Marketing software vendor ExactTarget went public March 22, raising approximately $161 million. The company says it will use the cash to expand its sales and marketing efforts, and to extend its overseas business operations.
After opening at an initial price of $19 a share, the company's stock is currently trading in the $27 range, or more than 40% above its initial price.
ExactTarget offers a suite of SaaS-based products designed to help companies manage customer communications, including email, mobile and social media. The company works with brands including Priceline.com, Microsoft Corp. and Angie's List. According to the company's prospectus, it lost $35 million last year on sales of $207 million.
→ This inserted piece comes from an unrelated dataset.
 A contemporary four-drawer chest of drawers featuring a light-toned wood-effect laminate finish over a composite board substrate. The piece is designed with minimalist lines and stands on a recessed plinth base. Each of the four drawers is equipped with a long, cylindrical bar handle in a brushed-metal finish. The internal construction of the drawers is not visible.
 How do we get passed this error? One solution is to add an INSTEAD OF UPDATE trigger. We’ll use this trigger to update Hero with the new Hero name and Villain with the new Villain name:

Who's Next In The IPO Sweepstakes?
For B2B marketers, the ExactTarget IPO almost certainly means that the company will expand not only its sales and marketing operations, but its product offerings. It also raises the possibility that other marketing automation vendors – most notably Eloqua and Marketo – may also see a favorable environment for IPOs.
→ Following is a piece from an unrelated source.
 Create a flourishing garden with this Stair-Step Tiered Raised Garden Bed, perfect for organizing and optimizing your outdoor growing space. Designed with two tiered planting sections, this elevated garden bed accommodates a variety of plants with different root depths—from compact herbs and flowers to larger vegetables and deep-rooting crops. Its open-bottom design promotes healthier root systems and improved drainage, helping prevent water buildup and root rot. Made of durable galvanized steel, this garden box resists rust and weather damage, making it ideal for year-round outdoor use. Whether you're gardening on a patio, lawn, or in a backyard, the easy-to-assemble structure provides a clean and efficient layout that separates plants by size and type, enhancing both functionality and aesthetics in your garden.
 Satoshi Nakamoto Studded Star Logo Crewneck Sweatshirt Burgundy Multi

Eloqua filed an initial public offering estimated at $100 million in August 2011, although the company has not yet set a date or price for its offering. After closing a $50 round in funding last November, Marketo CEO Phil Fernandez was quoted as saying that "the possibility of an IPO is strong in the next 12 to 15 months."
If ExactTarget's successful IPO is any indication, both companies, and perhaps other marketing automation vendors, may be interested in following suit sooner rather than later. It's a good sign for an industry that continues to grow rapidly – and a very good sign for B2B marketers who continue to invest in marketing automation tools and technologies to boost their own revenue contributions.